Apparently Chinese Mantids are variable in color. I don't know if it is an age thing, with older individuals becoming browner, or what. Not a very satisfactory answer; maybe someone else knows.

Cool Grass-like Mantid, Vince!
Linda said…
I taught 7th grade Life Science for many years. I had a large plexiglass cage and I would raise fruit flies and Chinese Mantids in the fall. The students would catch Mantids for me. We would put a female and multiple males in the cage. She would mate multiple times with usually only the males' wings and legs on the cage floor in the morning. The female would lay eggs in October and/or November. In the indoor cage, she would die usually in early December. In December or January, the eggs would hatch with hundreds of babies. The baby mantids would eat the fruit flies, each other and anything else in the cage. In the end (April/May) there would be a couple of mantids left that we would release outside.

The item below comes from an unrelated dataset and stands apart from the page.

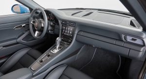 Black anodized stainless steel door entry guards, graphite-blue leather, adaptive sports seats plus with 18-way adjustment, Porsche logo embossed into the headrests, 911 Targa silhouette adorning the cover of the storage compartment in the center console and “Porsche Exclusive Manufaktur” on the trim of the dashboard, along with decorative stitching, will greet those who will step inside.

I had a student catch and bring a couple of fence lizards from southern Ohio. The only cage I had set up was the mantids large cage so I put the lizards in that cage until I had a planning period at the end of the day. I was teaching and one of my students sort of freaked out. I ran to the cage and the female mantid was eating the lizard's head so I covered the cage and just let her eat all she wanted out of the sight of the students. 8th period, I got the other lizard out of the cage plus the remains of the deceased headless lizard. Chinese Mantids really got my respect.
Jim McCormac said…
That's a very cool story, Linda! Major turnabout is fair play situation, with the Alpha insect eating the insect-eating reptile!
Randy Kreager said…
Did you ever see what happens when a human receives a bite from one of these? When I was a boy, our neighbor lady was bitten on the hand and her hand swelled up like a catcher's mitt! It was red, hot, and huge!!
Jim McCormac said…
Hmmm... thanks for the warning, Randy - guess we'll have to be a bit more careful with these beasts!
mangoverde said…
This one was interested in my camera last summer.

Bill Hull
Jim McCormac said…
Very nice vid, Bill, and that's probably about the last sight a mantid's victim sees.